Thiago Braz da Silva (BRA)

After winning Brazil’s first Olympic title in 32 years.

“We worked really hard for this moment – not for the gold, but to take a medal. For Brazil, it is amazing. I try to do my best for the people, they believe in us.

“I couldn’t believe I cleared 6.03m. I had to say to myself ‘okay, what just happened here?’ A gold medal, a jump of 6.03m, and an Olympic record. It’s all so crazy.”

Ashton Eaton (USA)

After defending his decathlon crown from London, equalling the Olympic record of 8893 points.

“To win two Olympic golds in a row like Daley Thompson is very special. One day, I’m going to have to meet Daley, shake his hand and thank him for giving me something to chase after.

“Can I do three in a row? Maybe you should ask Daley.”

Mo Farah (GBR)

After winning the 5000m in Rio, his fourth Olympic gold.

“It’s every athlete’s dream but I can’t believe it. Being away from my family for so long, I knew I had to do something for them.

“I just want to go home now and see my beautiful kids and hang my medals around their necks.”

Eliud Kipchoge (KEN)

After winning the Olympic marathon title.
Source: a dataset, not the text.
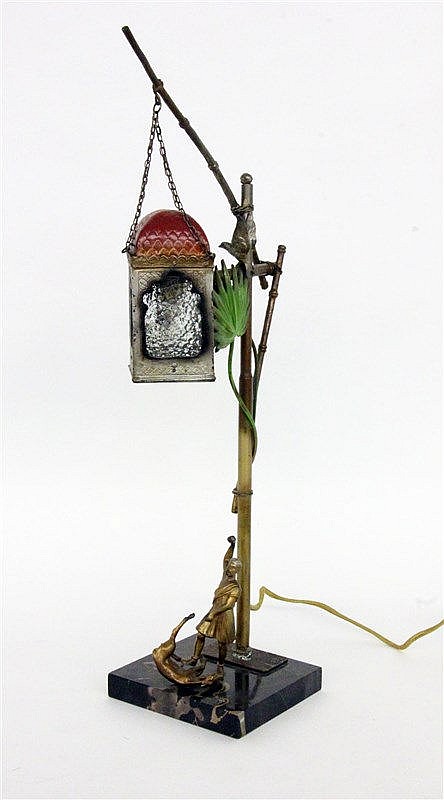 Lampada da tavolo Jugendstil - circa 1900 - in metallo e altri materiali - base in marmo h.cm.

He missed out on the world record by 7 seconds in London earlier this year.

“It meant more than everything, all that came before in my career, to win Olympic gold. I wanted to bring it home to Kenya.”

“Yes, the world record is in my mind. I can’t say when, but I know I can do it.”

Conseslus Kipruto (KEN)

After winning Kenya's ninth consecutive 3000m steeplechase gold in an Olympic record 8:03.28.

“[Ezekiel] Kemboi told me it would be his last race and he was going to win. He usually destroys somebody’s mind but I told him, ‘okay, let the track show who is the king’. I didn’t give him a chance.

“I looked up at the screen and I saw they were far from me, so I said: why not start celebrating? That’s when the happiness hit me, and for the last 100 metres I knew I was the champion.”

Omar McLeod (JAM)

After winning Olympic 110m hurdles gold, Jamaica's first title in the event.

“The feeling is indescribable. I don’t know what's going through my mind right now. I need to go back and just recite it a couple times, saying, ‘You’re an Olympic champion’.”

David Rudisha (KEN)

After winning 800m gold in Rio, his second Olympic title.

“London [2012] was one of my special races, running that night, breaking the world record – it was one of the greatest 800m races. But today was special to defend my title. Nobody since 1960 and '64 has done that.

“I am so excited. It is the greatest moment of my career.” 

Christian Taylor (USA)

After winning his second Olympic triple jump title.

“The job is done. I never thought on my first jump that would be the gold medal jump. I wanted it so much. It came together, the stars aligned.” 

Wayde van Niekerk (RSA)

After taking Olympic 400m gold in a world record 43.03.

“I’d love to give you the long testimony, but I don’t remember a thing. I don’t even think I was in that race; that’s how unreal it was.”